Kemudian andaipun persyaratan itu mampu saya penuhi, saya
tidak punya hak untuk mengharuskan siapa pun saja sependapat dengan saya atau
apalagi melakukan dan tidak melakukan sesuatu sejalan dengan pandangan saya. Nabi
saja tidak berhak mewajibkan siapa pun melakukan salat.

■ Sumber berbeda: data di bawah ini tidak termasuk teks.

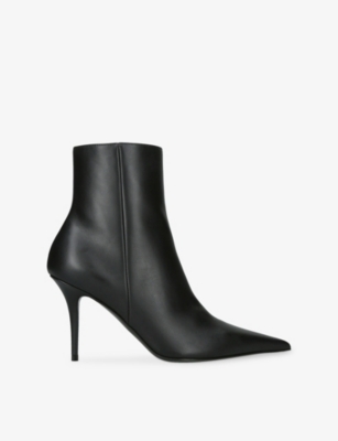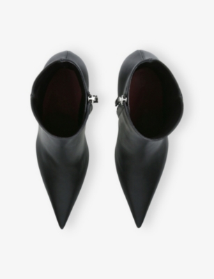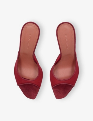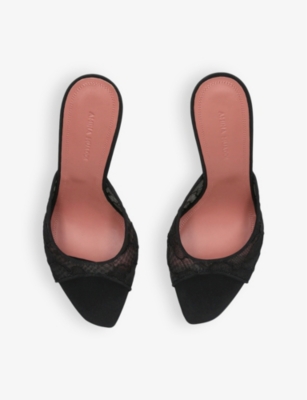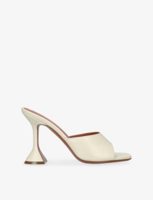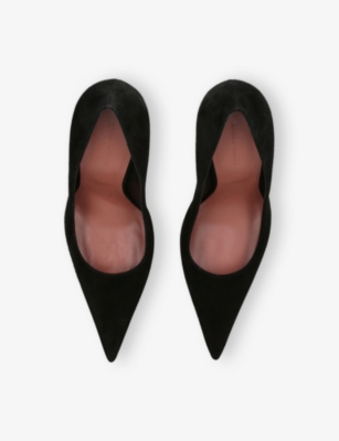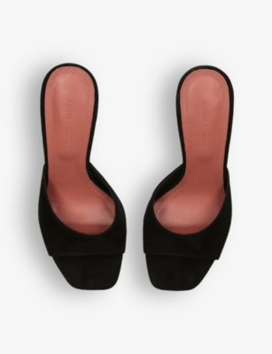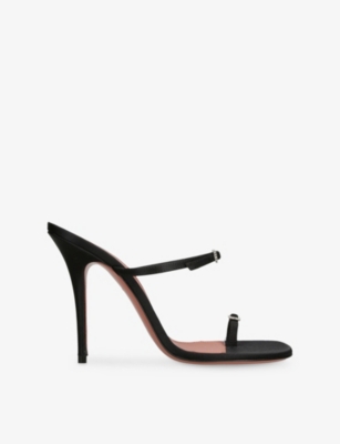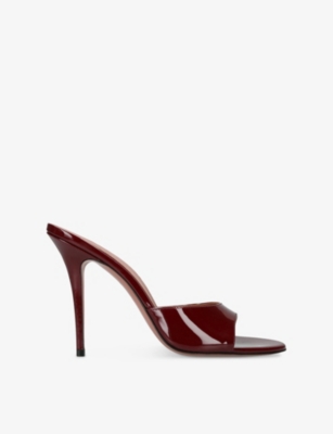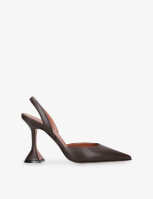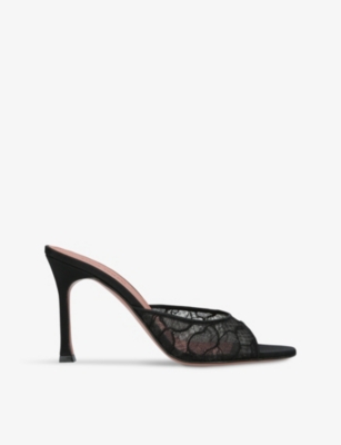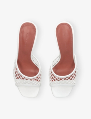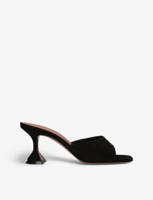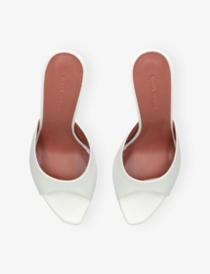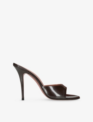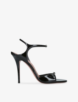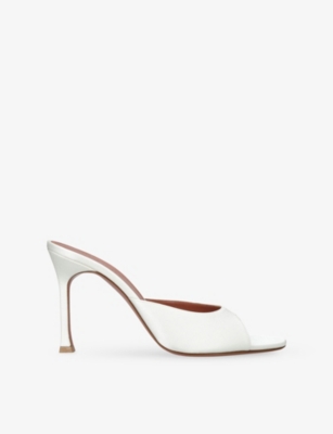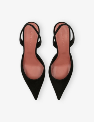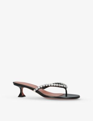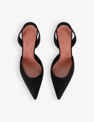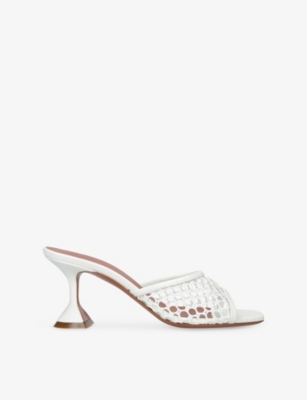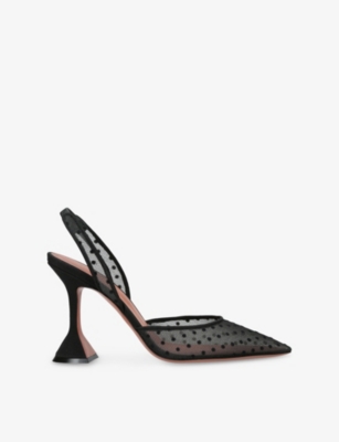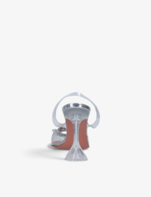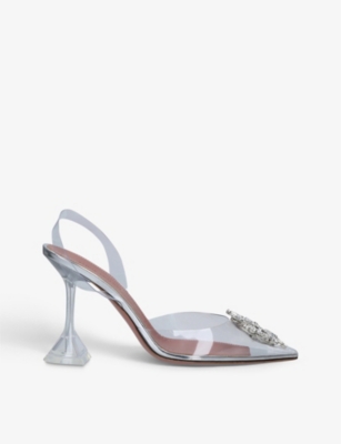 In our collection of Amina Muaddi footwear and accessories, discover an array of materials including soft calfskin leather. Clear PVC is a brand signature, as are crystal embellishments and sparkly straps that make for a futuristic kind of glamour. Each design displays Amina Muaddi's creative perspective - think delightful bow detailing and kitten heels. Meanwhile, pointed toes, spike studs and reflective latex evoke a sense of playing dress-up, all grown up.Â
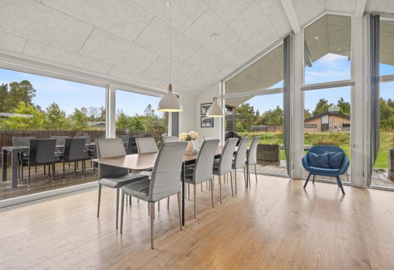 | Ihr seid eine richtige Großfamilie oder plant euren nächsten Urlaub gemeinsam mit Freunden? Dann schaut doch einmal hier genau hin. Dieses 2020 neu erbaute Ferienhaus ist ein wahres Schmuckstück. Modern, gut und komfortabel ausgestattet, bietet es Platz für bis zu 10 Personen und eure Hunde. Das wahre Highlight dieses Ferienhauses ist, dass alle gemeinsam eine unvergessliche Zeit verbringen können – dank der vielen Annehmlichkeiten. Komfortabler Innenbereich für die ganze FamilieDas Ferienhaus im Solvang 28 bietet auf großzügigen 146 m2 mit 5 Schlafräumen und 2 Badezimmern Platz für bis zu 10 Personen. 3 Schlafzimmer befinden sich im Haupthaus, während die weiteren 2 Schlafzimmer sowie eines der Badezimmer in einem schönen Anbau untergebracht sind. Der Innenbereich ist modern und komfortabel eingerichtet, was ihn ideal für einen entspannten Aufenthalt macht. Besonders hervorzuheben ist die gut ausgestattete Küche, die keine Wünsche offenlässt und sich perfekt für die Zubereitung gemeinsamer Mahlzeiten eignet. Ein weiteres Highlight ist die hauseigene Sauna in einem der Badezimmer, die für erholsame Wellnessmomente sorgt. Der gemütliche Kamin im Wohnzimmer schafft eine angenehme Atmosphäre, in der man nach einem erlebnisreichen Tag entspannen und die Zeit miteinander genießen kann. Für zusätzliche Unterhaltung sorgen der Billardtisch und die Spielkonsole, die für Spaß und Action garantieren. Solvang 28: Der perfekte Ort für Entspannung und UnterhaltungDie teilweise überdachte Terrasse des Ferienhauses ist der ideale Ort, um das Leben im Freien zu genießen. Sie ist mit bequemen Gartenmöbeln, Liegestühlen und einem Grill ausgestattet, sodass man an warmen Tagen ein leckeres Barbecue zubereiten und die Sonne genießen kann, während die Kinder fröhlich spielen. Ein besonderes Highlight im Außenbereich ist der Außenwhirlpool, der das ganze Jahr über genutzt werden kann. Es ist einfach unvergesslich, an einem kühlen Winterabend im warmen Wasser zu entspannen und unter dem Sternenhimmel den Moment zu genießen. Zudem steht eine Außendusche zur Verfügung, die von April bis November genutzt werden kann – ideal für eine erfrischende Dusche nach einem Tag am Strand oder im Garten. Eine Lademöglichkeit für ein E-Auto ist ebenfalls vorhanden, um euren Aufenthalt noch komfortabler zu gestalten. Umgebung und FreizeitmöglichkeitenDas Ferienhaus befindet sich in dem schönen Gebiet von Houstrup, das besonders bei Wanderern und Radfahrern sehr beliebt ist. Direkt an der Blåbjerg Plantage gelegen und nur wenige Minuten vom Nordseestrand entfernt, ist dies ein perfekter Ausgangspunkt für verschiedene Outdoor-Aktivitäten. Die Umgebung bietet zahlreiche Wander- und Radwege, ideal, um die Natur zu erkunden.  In der Umgebung gibt es zahlreiche Freizeitmöglichkeiten. In Nørre Nebel, nur eine kurze Fahrt entfernt, findet man zahlreiche Einkaufsmöglichkeiten, Boutiquen und Lebensmittelgeschäfte für den täglichen Bedarf. Bork Havn am Ringkøbing Fjord ist ein Eldorado für Wassersportler und bietet neben einem Hafen auch das Wikinger Museum für Interessierte. Der beliebte Badeort Henne Strand ist ebenfalls schnell erreichbar und bietet zahlreiche Cafés, Restaurants sowie einen quirliges Urlaubsziel. Weitere Strände wie Houstup, Lønne und Nymindegab sind ebenfalls in kurzer Zeit erreicht und laden zu ausgedehnten Spaziergängen oder zum Drachenfliegen ein.   |
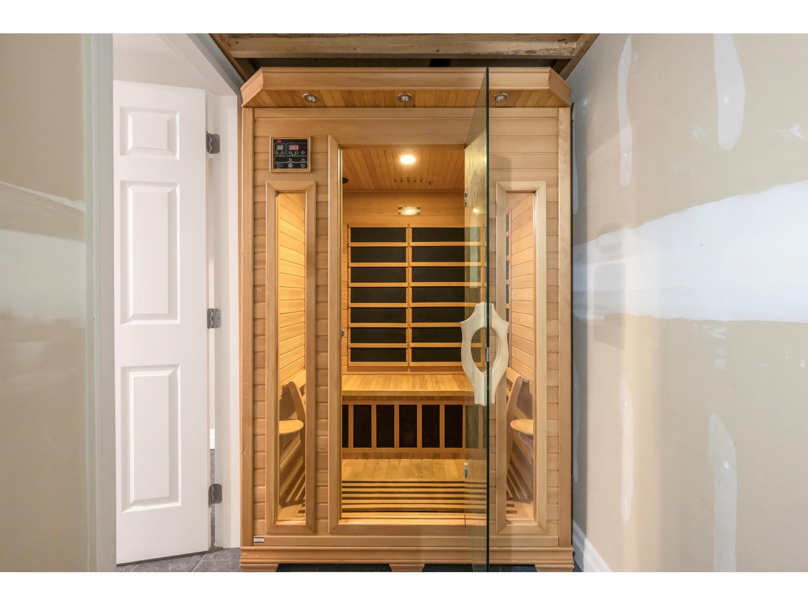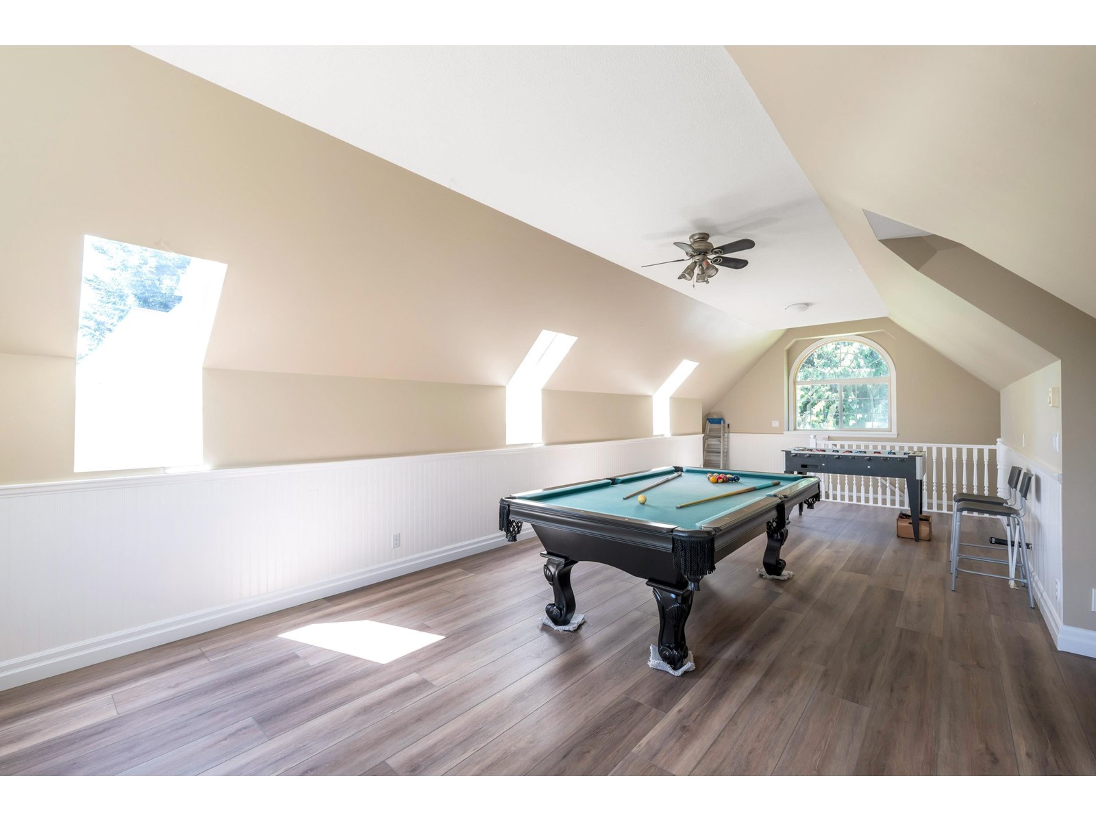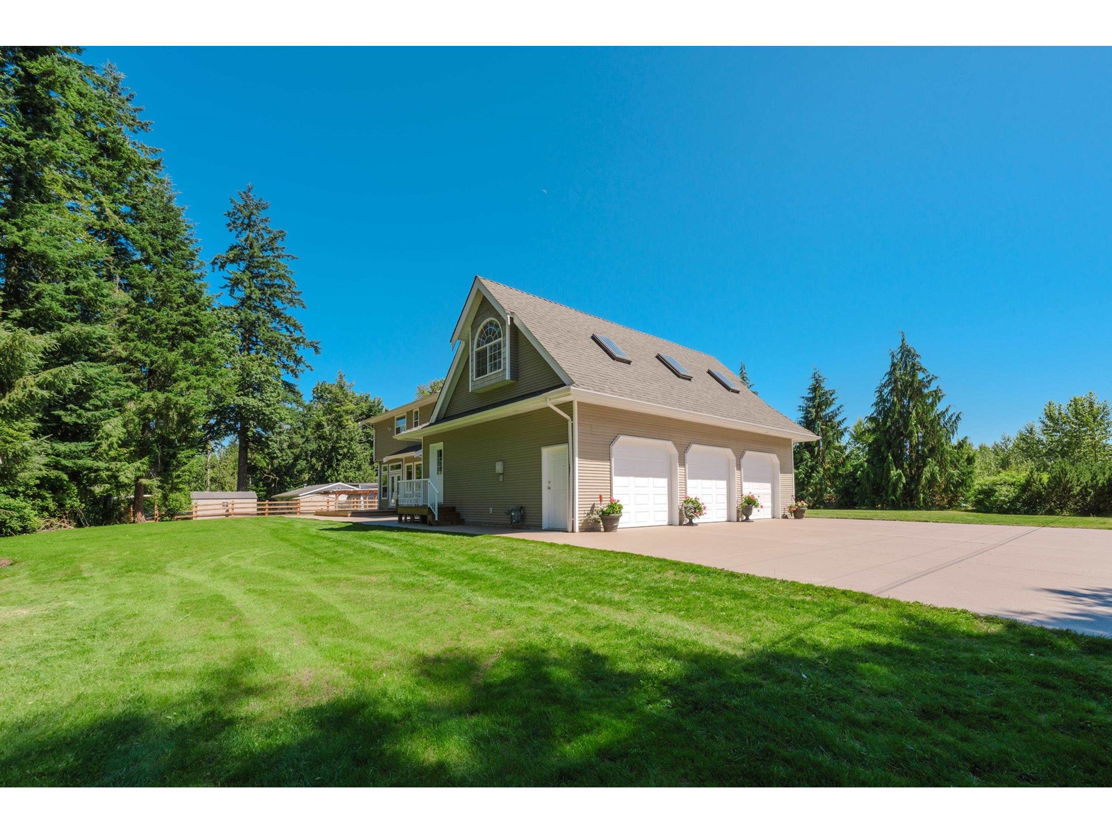 Front veranda welcomes you to this Gorgeous Custom-built 4382 sqft 2-storey with fully finished basement (roughed in for a suite or wet bar) on a Private parklike acre backing onto greenbelt. Quiet street. Oversized 810 sqft triple garage, loads of parking. New in 2025 - high-efficiency furnace, central air conditioning, hot water on demand, flooring & fresh paint. Custom maple kitchen with island & pantry open to bay window eating area & family room with gas fireplace & french doors to large patio & yard. Cross hall living & dining room/office. Upstairs - primary bedroom w/walk-in closet & soaker tub & separate shower ensuite. 2nd oversized bedroom (easy 3rd bedroom). Huge games room over the garage with separate entrance (easy nannies quarters). Daylight basement with separate entrance (easy suite), large rec room, 2 bedrooms & a sauna. Quick access to Hwy 1. Room for everyone! A perfect blend of comfort & location - a must see! (id:52823)

Hak itu ada hanya pada Tuhan, Nabi sekadar menyampaikan dan
memelihara kemaslahatannya. Para ulama dan kita semua bisa kelak teruji,
ternyata sependapat dengan Tuhan, bisa juga akan terlindas oleh peringatan
keras Allah: ”Lima tuharrimu ma ahallallohu lak”, kenapa kau haramkan sesuatu
yang dihalalkan oleh Tuhan untukmu?
Tapi jangan lupa bisa juga terjadi sebaliknya: kenapa aku
halalkan yang Allah haramkan? Mungkin benar rokok itu haram dan saya akan masuk
neraka karena itu, bersama ulama agung Indonesia Buya Hamka, perokok yang jauh
lebih berat dibandingkan saya yang sama sekali tidak nyandu rokok. Juga ada
teman saya di neraka almarhum Kiai Mbah Siroj Klaten yang hingga usianya 94
tahun merokok empat bungkus sehari. Dengan demikian bangsa Indonesia akan
tercatat sebagai pemegang rekor tertinggi masuk neraka karena rokok.